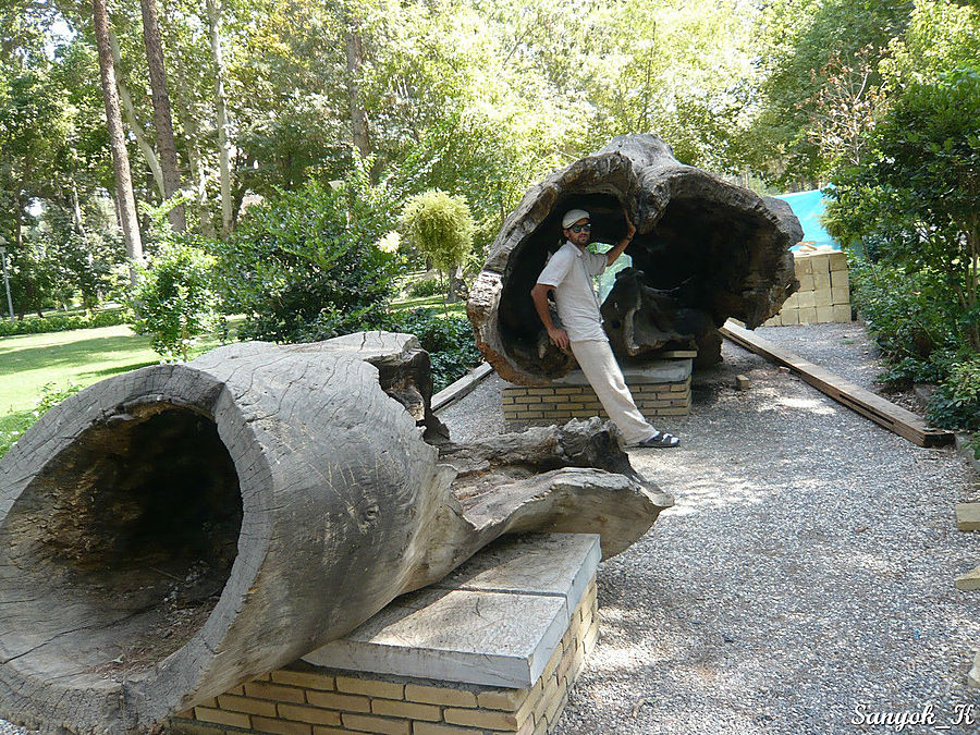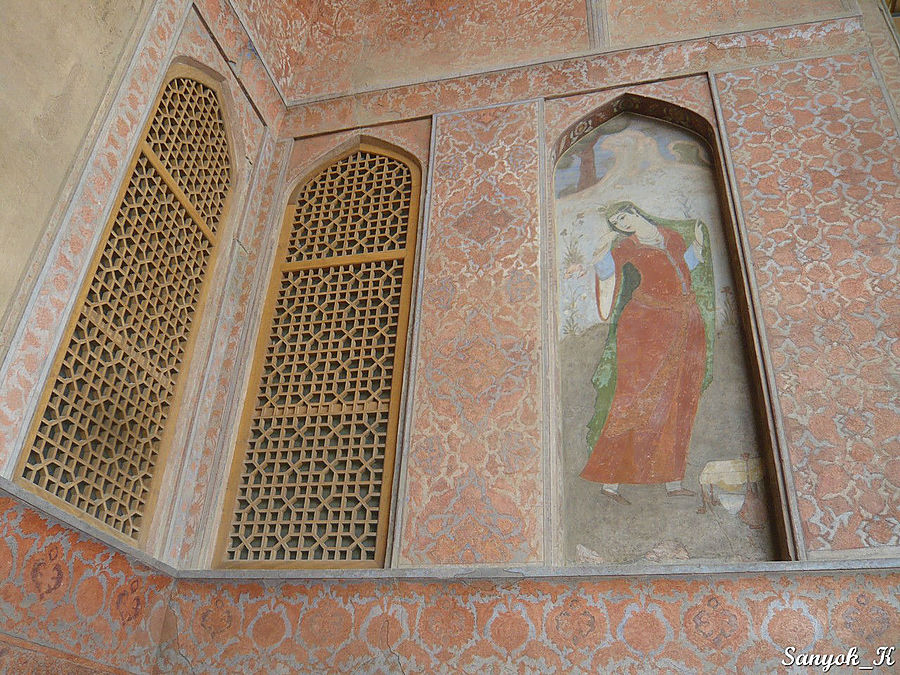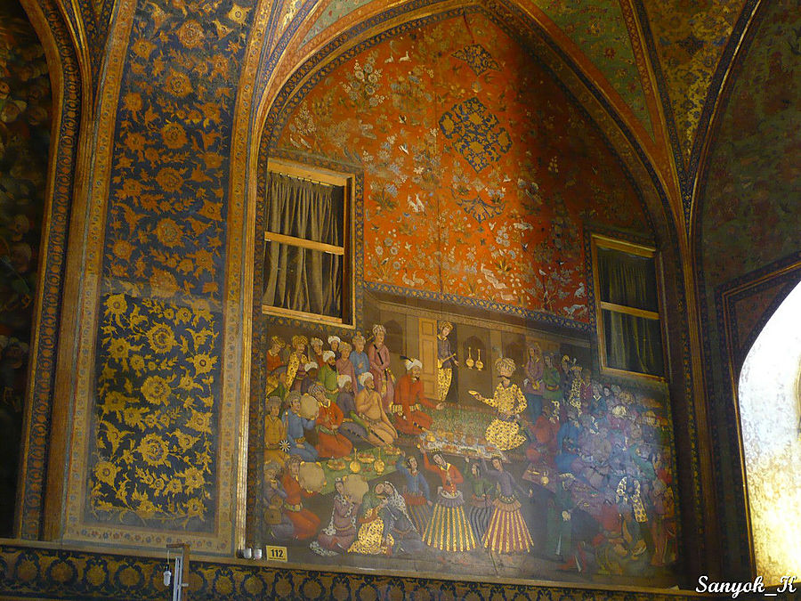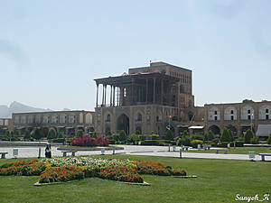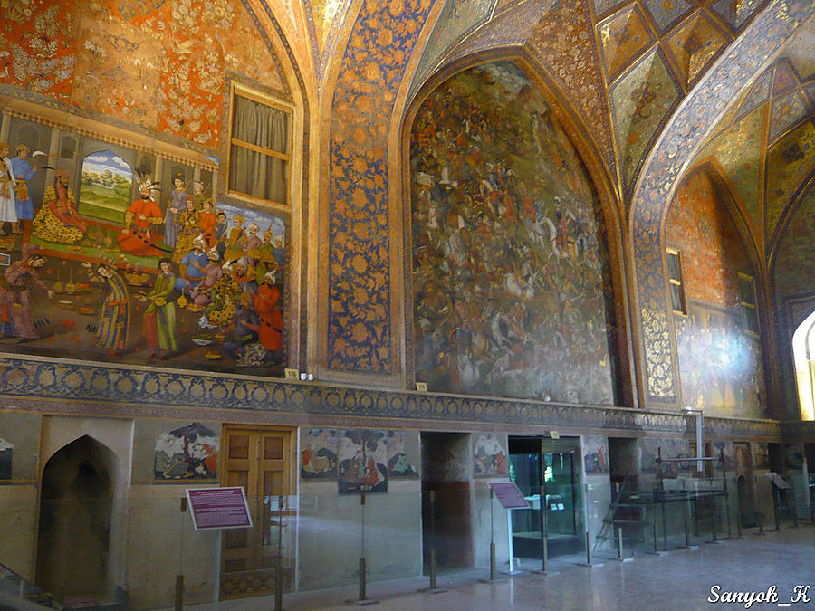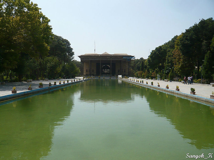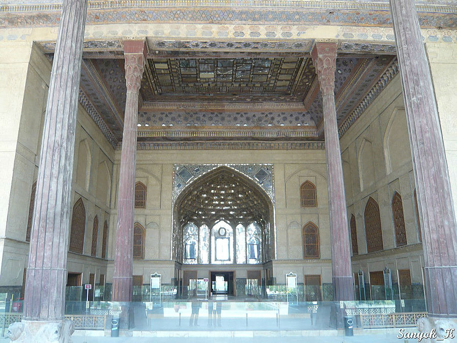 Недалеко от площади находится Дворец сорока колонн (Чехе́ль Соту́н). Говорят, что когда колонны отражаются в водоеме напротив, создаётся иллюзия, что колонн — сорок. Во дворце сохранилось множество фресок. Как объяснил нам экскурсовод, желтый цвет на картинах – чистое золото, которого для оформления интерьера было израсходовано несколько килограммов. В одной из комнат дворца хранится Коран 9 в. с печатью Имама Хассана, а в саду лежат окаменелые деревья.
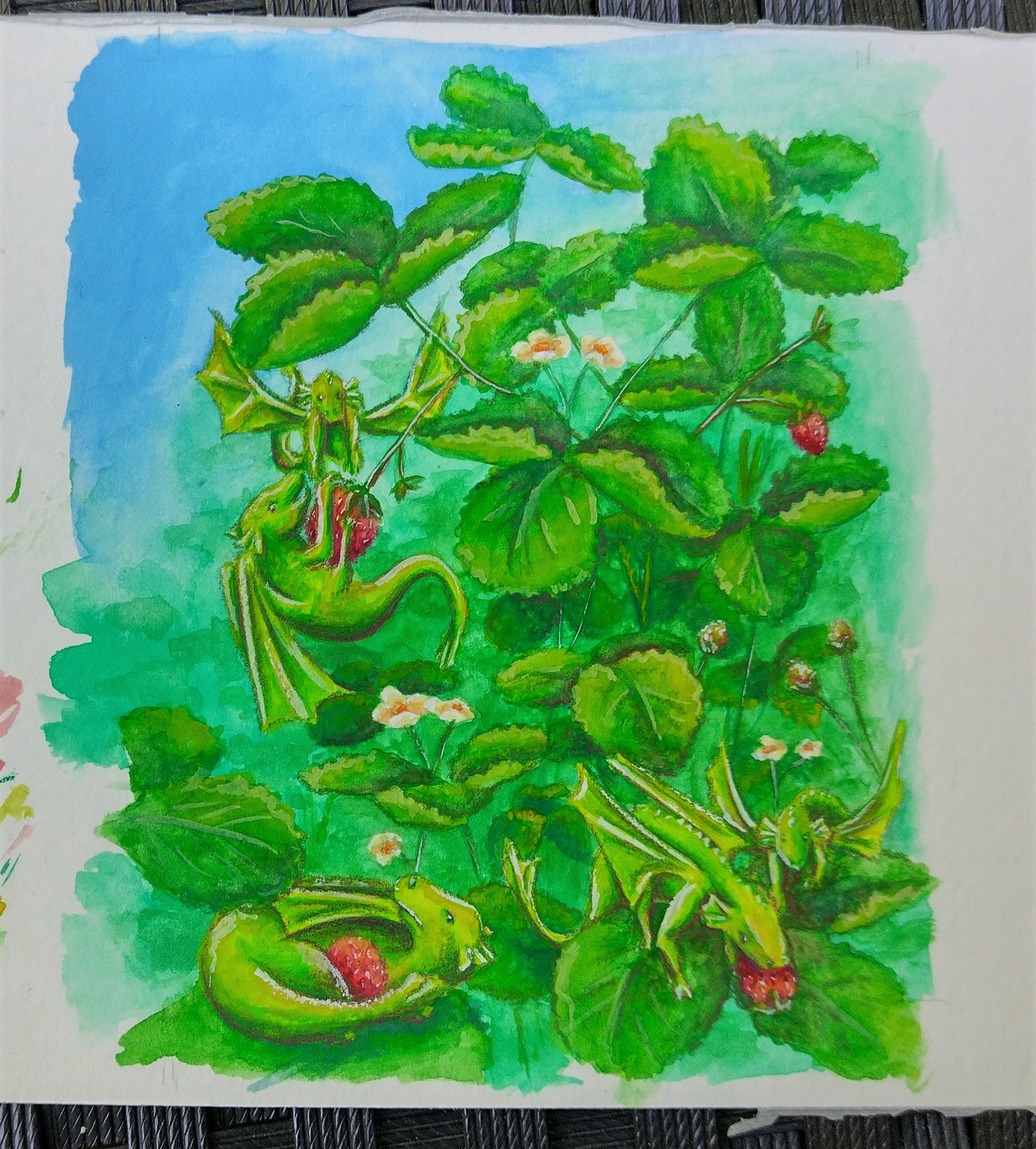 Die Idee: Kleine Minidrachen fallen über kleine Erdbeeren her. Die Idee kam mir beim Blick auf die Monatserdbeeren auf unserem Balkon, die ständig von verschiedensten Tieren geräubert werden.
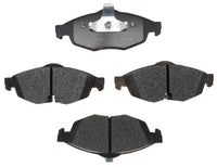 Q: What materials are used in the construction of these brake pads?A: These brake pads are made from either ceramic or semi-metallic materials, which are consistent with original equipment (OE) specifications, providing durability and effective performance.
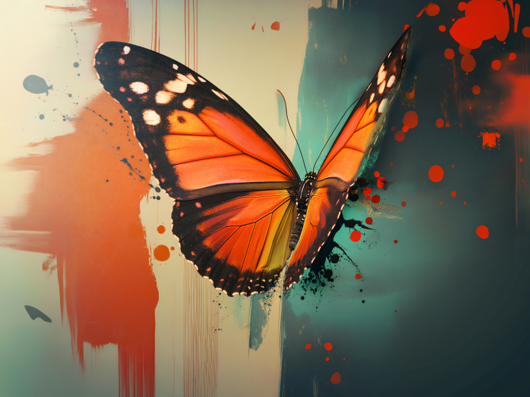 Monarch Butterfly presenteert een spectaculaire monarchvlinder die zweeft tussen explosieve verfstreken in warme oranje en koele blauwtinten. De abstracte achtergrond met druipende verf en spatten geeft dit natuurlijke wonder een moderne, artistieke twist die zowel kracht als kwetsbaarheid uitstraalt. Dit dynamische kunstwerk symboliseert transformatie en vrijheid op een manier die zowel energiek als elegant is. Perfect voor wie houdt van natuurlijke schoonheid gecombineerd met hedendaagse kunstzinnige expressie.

==

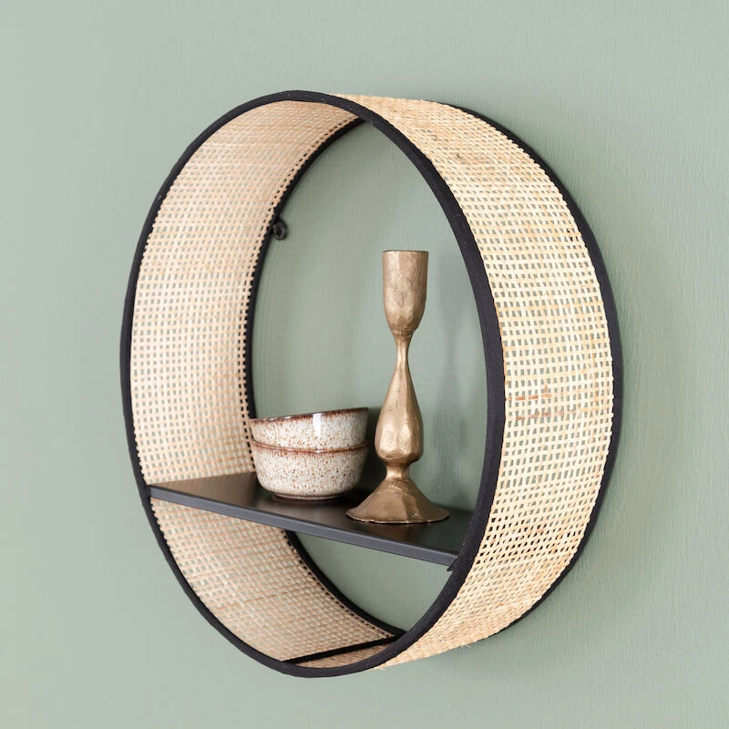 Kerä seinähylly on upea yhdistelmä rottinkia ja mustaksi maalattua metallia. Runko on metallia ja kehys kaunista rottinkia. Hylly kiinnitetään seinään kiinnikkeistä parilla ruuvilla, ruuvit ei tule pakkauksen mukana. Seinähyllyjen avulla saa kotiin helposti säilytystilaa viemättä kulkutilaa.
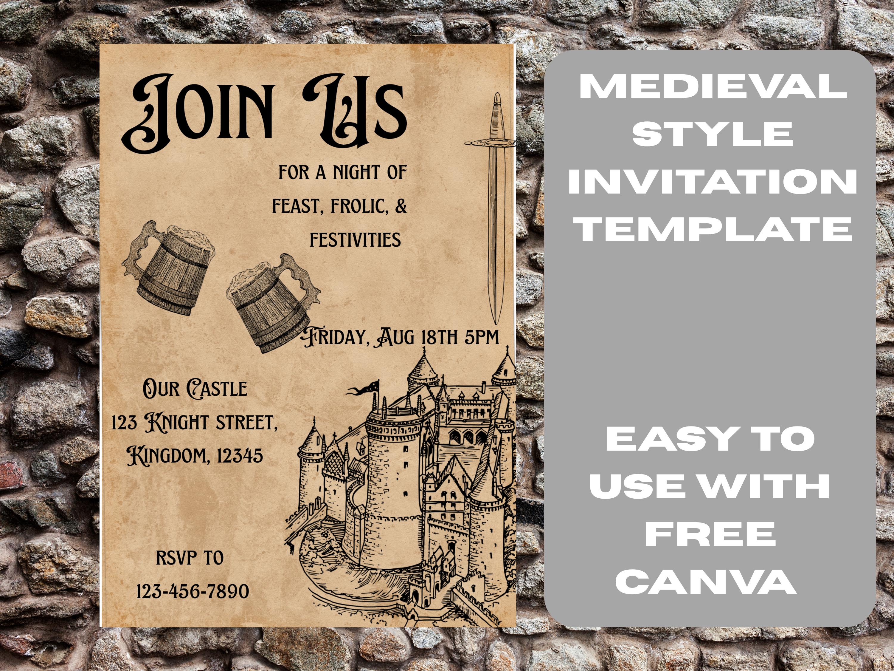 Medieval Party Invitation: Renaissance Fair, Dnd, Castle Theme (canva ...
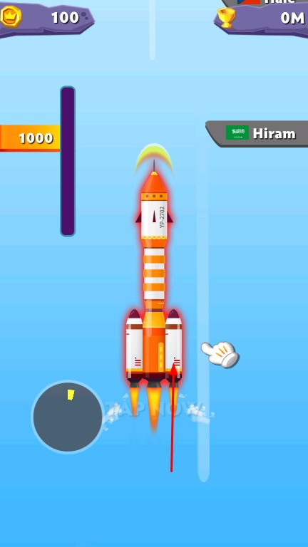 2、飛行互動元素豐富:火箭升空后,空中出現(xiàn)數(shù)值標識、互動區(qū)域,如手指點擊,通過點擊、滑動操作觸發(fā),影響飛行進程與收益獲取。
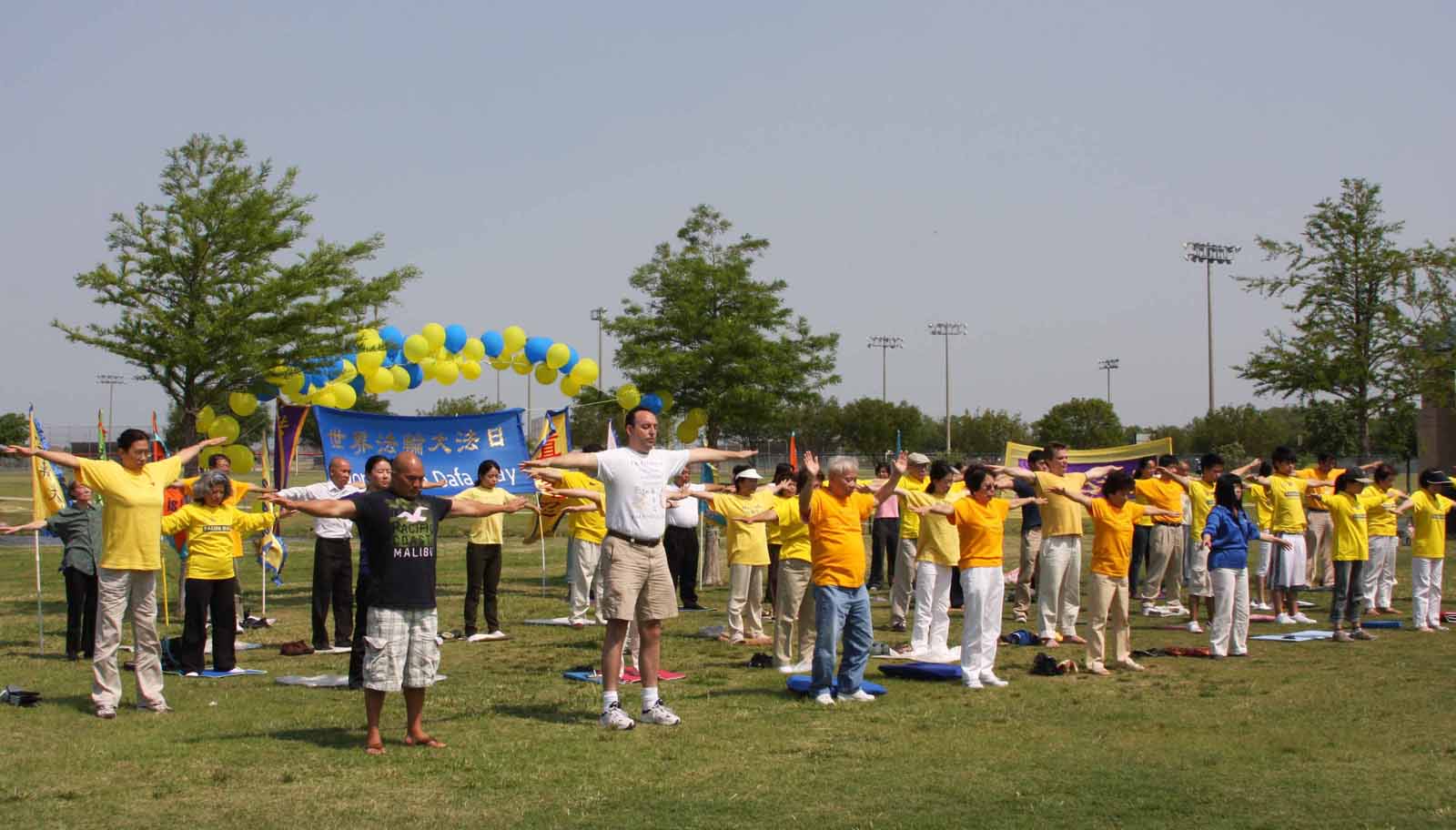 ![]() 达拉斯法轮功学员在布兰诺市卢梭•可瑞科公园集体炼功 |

* * *

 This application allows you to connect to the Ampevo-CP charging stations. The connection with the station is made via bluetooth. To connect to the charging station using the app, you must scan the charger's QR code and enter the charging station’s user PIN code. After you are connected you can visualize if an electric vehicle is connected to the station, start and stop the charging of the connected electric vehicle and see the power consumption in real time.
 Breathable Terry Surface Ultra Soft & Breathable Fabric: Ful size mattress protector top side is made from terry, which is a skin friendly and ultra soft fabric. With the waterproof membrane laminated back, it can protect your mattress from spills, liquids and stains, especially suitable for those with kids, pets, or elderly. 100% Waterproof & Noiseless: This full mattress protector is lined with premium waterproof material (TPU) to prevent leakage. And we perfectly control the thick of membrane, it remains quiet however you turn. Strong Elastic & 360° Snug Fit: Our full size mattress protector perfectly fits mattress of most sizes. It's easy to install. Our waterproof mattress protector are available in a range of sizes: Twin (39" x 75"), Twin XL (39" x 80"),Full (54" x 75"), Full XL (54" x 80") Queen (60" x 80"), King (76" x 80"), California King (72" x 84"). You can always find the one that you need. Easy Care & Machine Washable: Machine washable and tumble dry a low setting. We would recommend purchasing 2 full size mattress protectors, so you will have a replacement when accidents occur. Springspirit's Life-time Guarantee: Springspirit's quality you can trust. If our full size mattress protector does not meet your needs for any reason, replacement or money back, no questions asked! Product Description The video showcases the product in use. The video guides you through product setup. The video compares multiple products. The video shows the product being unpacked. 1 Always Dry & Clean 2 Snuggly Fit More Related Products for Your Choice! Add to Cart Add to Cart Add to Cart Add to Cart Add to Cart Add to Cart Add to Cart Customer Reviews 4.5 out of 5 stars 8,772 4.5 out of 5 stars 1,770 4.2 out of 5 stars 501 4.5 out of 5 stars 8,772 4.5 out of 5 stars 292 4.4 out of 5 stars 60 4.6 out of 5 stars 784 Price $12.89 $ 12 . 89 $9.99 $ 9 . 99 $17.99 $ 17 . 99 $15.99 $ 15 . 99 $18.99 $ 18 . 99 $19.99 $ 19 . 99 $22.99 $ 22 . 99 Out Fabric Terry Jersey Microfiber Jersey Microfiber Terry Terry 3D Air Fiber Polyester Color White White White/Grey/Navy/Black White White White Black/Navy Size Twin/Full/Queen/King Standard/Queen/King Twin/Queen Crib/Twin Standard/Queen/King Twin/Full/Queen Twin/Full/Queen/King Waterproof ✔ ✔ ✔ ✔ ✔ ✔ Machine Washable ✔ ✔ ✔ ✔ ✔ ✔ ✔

◆ TO DO: In the data above, find the line containing "Недалеко от площади" and the line containing "Q: What materials". Copy exactly the stretch from the first through the second, both included, leaving out any picture.

◆ OUTPUT OF THE TASK:
 Недалеко от площади находится Дворец сорока колонн (Чехе́ль Соту́н). Говорят, что когда колонны отражаются в водоеме напротив, создаётся иллюзия, что колонн — сорок. Во дворце сохранилось множество фресок. Как объяснил нам экскурсовод, желтый цвет на картинах – чистое золото, которого для оформления интерьера было израсходовано несколько килограммов. В одной из комнат дворца хранится Коран 9 в. с печатью Имама Хассана, а в саду лежат окаменелые деревья.
 Die Idee: Kleine Minidrachen fallen über kleine Erdbeeren her. Die Idee kam mir beim Blick auf die Monatserdbeeren auf unserem Balkon, die ständig von verschiedensten Tieren geräubert werden.
 Q: What materials are used in the construction of these brake pads?A: These brake pads are made from either ceramic or semi-metallic materials, which are consistent with original equipment (OE) specifications, providing durability and effective performance.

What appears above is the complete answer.